Да-а-а…. Похоже, что в Нью-Йорке, дело обстоит не так просто. Здесь, во-первых, мне идти некуда… Ох, если бы я знала куда идти!.. А во-вторых, куда ни пойдешь, русских нигде нет. Встретить здесь своего, это все равно, что найти иголку в стоге сена. А жизнь уходит… Как же быть? Нужно, нужно, нужно что-то придумать!
Как воздух (!) мне необходим всего-навсего один-единственный человек. Без этого одного человека – я инвалид. Я не могу жить, не могу учить язык, не могу растить ребенка, не могу вставать с кровати по утрам… и ничто, ничто на земле мне не в радость! Как я зависима от этого одного человека. А его нет!..
* * *
Сваха… вы думаете, никогда до такого не опуститесь? А что делать, если шанс познакомиться с кем-то естественным путем равен шансу найти иголку с огромном стоге сена? Так и жизнь можно проиграть.

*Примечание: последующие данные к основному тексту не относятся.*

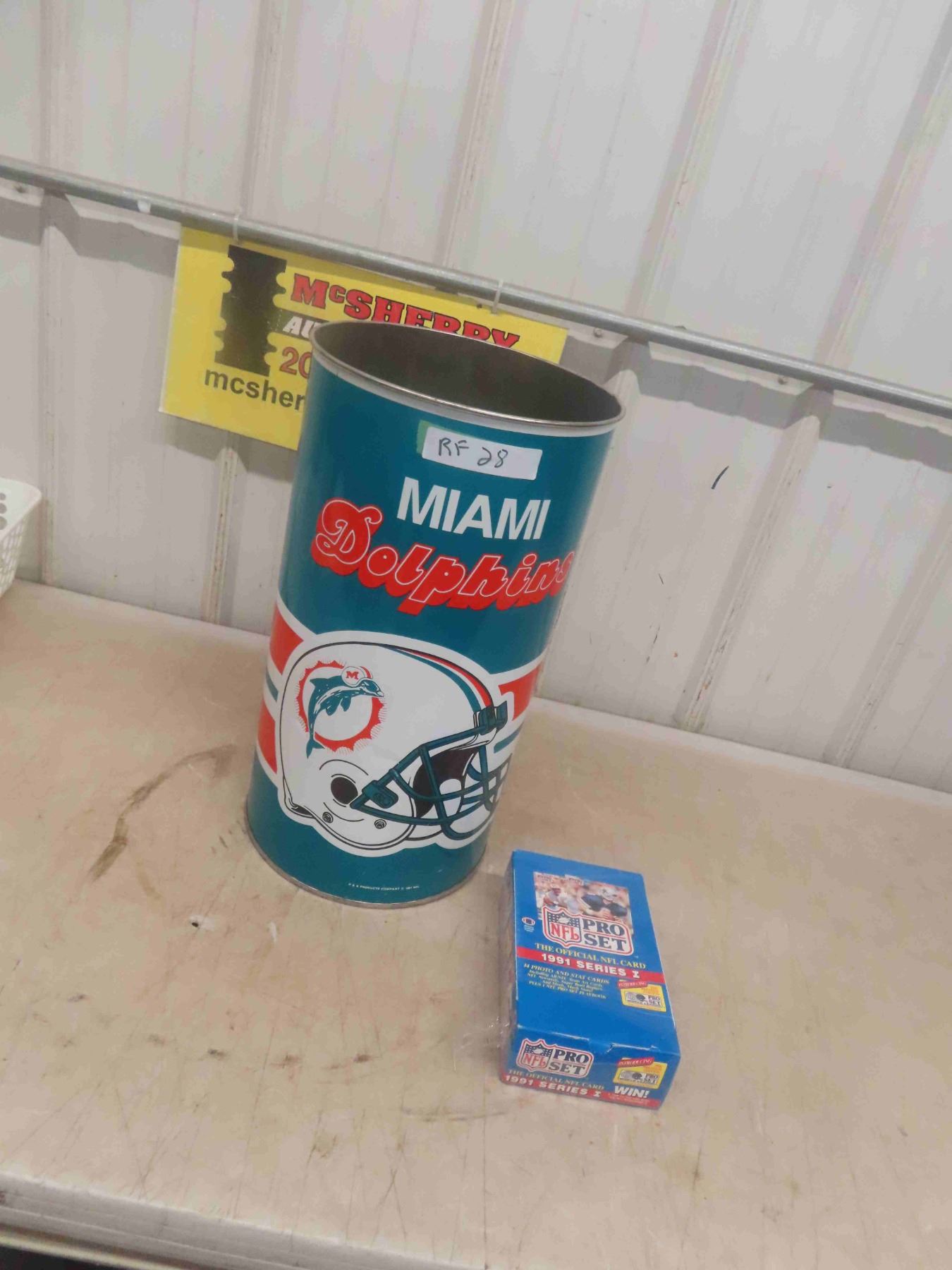 Miami Dolphins Garbage Can , NFL Pro Set 1991 Series 1 Box

В блокадном Ленинграде, во время голода, по рассказам очевидцев, в городе не осталось ни одной крысы или кошки. Их всех съели. Люди ели даже мертвых людей. Меня всегда передергивало от отвращения, и мысленно я уверенно говорила себе: «Как можно… Как можно так опускаться!» Сейчас я невольно вспоминаю эти истории и уже задумываюсь: а как бы я поступила, если бы оказалась на их месте? Легко презрительно фыркать, когда суровый голод не касается тебя. Когда ты не знаешь, что это такое…
Обратилась к свахе.
Если бы мне сказал кто-нибудь, что я когда-нибудь дойду до такого, я бы ни за что не поверила. Позвонила. А что делать? Сваха тут же сказала, что, прежде чем она начнет со мной работать, я должна привезти ей двести долларов и свою фотокарточку. Это депозит, то есть задаток. Если позже состоится брак, между мной и тем, с кем она меня познакомит, то каждый из нас – я и он – ей должны будем доплатить еще по тысяче долларов. Согласна. И на такое унижение согласна. На все согласна, только бы найти его. А можно без карточки?..
– Как же ж без карточки! Кого ж я им показывать буду? Если хочешь парня, вези и карточку.
Получив деньги, Людмила, так звали сваху, уверила меня, что найти парня для такой симпатичной восемнадцатилетней девочки, как я, не составит никакого труда.
– Однако, – добавила она, – то, что ты оплатила, это обычный сервис, то есть за обычные знакомства. Если хочешь, у меня есть «сервис-экспресс», но это будет стоить экстра.
– То есть как? – не поняла я.
– Ну обычный сервис – это примерно по одному знакомству в месяц. А экспресс-сервис – десять женихов тебе сразу! Вот сейчас платишь – и сразу десять женихов тебе на выбор выложу.
– Сразу?
Я привезла Людмиле еще двести долларов.
* * *
Картотека свахи.
Садится, перебирает. Наконец достает одну карточку.
– Есть у меня тут Миша из Нью-Джерси, двадцать пять лет, хороший мальчик. Красавец…
Набирает номер.
– Алле-е! Алее-е, Миша? Миша, у меня тут для тебя есть женщина. Она здесь сидит, на поговори! Что? Ты женился? А-а… Ну будь здоров.
Дальше перебирает. Одну, другую, третью… Этот тебе не подойдет, этому пятьдесят лет… этот тоже уже пожилой…
Я смотрю на Людмилу, уже добрый час перебирающую карточки, и удивляюсь, почему нельзя разложить все карточки по категориям: от 20 до 25 лет в одну пачку, от 25 до 30 лет в другую пачку… Зачем нужно держать все пачки вперемешку и потом по сорок лет искать каждого двадцатилетнего? Я уже не говорю о том, что всех двадцатилетних тоже нужно разбить на категории: в одну пачку всех технарей, в другую всех творческих людей, в третью – всех, кто без образования, ну и т. д.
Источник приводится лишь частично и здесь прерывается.